Strategic limestone security

Dominant regional positioning

Superior return ratios

The valuation premium appears defensible relative to long-term growth prospects.

Investment Thesis: Structural Compounding Opportunity

The market’s recent concerns around capacity glut overlook a crucial reality—execution matters more than announcements.
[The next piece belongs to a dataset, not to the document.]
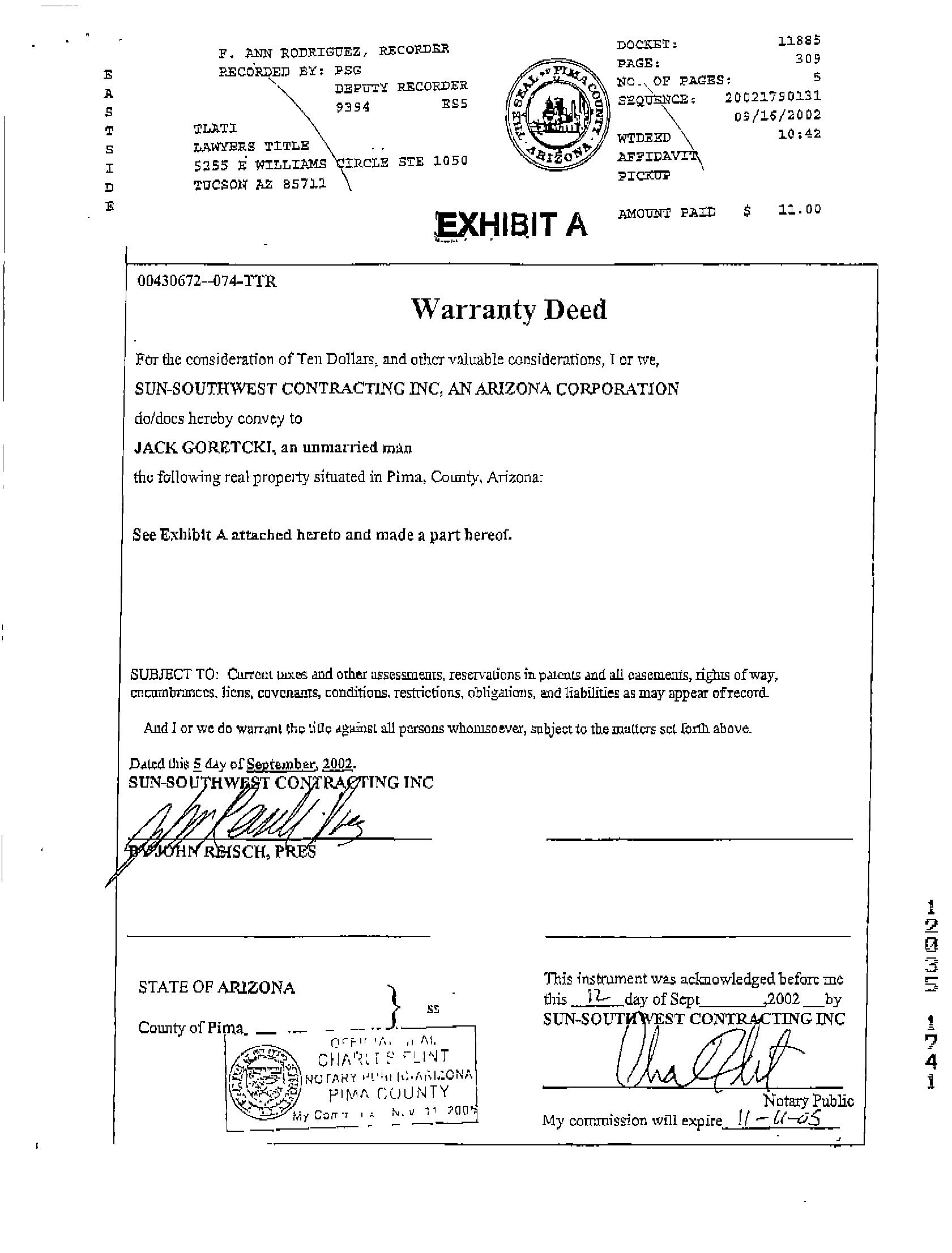 #5   11979 W Eagles Wing Way Tucson Az 85735 Owner Name: Villa Jose / APN / Alternate APN: 209-05-002H / Deed Type: Warranty Deed Land Use: Mobile Home Subdivision / Tract: Tucson West / Lot Size: 179,903 Year Built / Eff: 2005 /2005 Rec. Date / Price: 12/16/2022 / $165,000 Living Area: # of units: Document #: 3500086 Bedrooms: Pool: Total Tax Value: $48,495 Bath(F/H): / #6   11360 W Park Rd Tucson Az 85735 Owner Name: Sonntag Jeffery /Austin Shea APN / Alternate APN: 209-04-0250 / Deed Type: Warranty Deed Land Use: Mobile Home Subdivision / Tract: / Lot Size: 90,605 Year Built / Eff: 2002 /2002 Rec. Date / Price: 02/01/2023 / $203,500 Living Area: # of units: Document #: 320273 Bedrooms: Pool: Total Tax Value: $64,584 Bath(F/H): / #7   11310 W Park Rd Tucson Az 85735 Owner Name: Integrity Investing Llc 20% /Ira Club F Kirin David Desai 2 APN / Alternate APN: 209-04-019B / Deed Type: Warranty Deed Land Use: Mobile Home Subdivision / Tract: / Lot Size: 71,003 Year Built / Eff: 1998 /1998 Rec.

JK Cement has demonstrated:

Operational excellence through timely project delivery
Strategic foresight in securing long-life limestone reserves
Regional dominance in structurally high-demand markets
Financial discipline in maintaining leverage comfort

With ~13% volume CAGR and improving margins, the earnings compounding trajectory remains intact.

Motilal Oswal’s reaffirmed BUY rating signals confidence in JK Cement’s ability to navigate industry cycles while expanding intrinsic value.

Investor Takeaway

At Rs 5,912, the stock offers a calculated entry into a structurally growing regional leader. The target of Rs 6,780 implies a meaningful upside, supported by expanding capacity, rising utilizations, and earnings visibility through FY28.

For long-term investors seeking exposure to India’s infrastructure-led cement cycle, JK Cement represents a high-quality, execution-driven opportunity.

Investors should, however, monitor pricing trends, regional demand strength, fuel cost volatility, and execution timelines for the Jaisalmer project.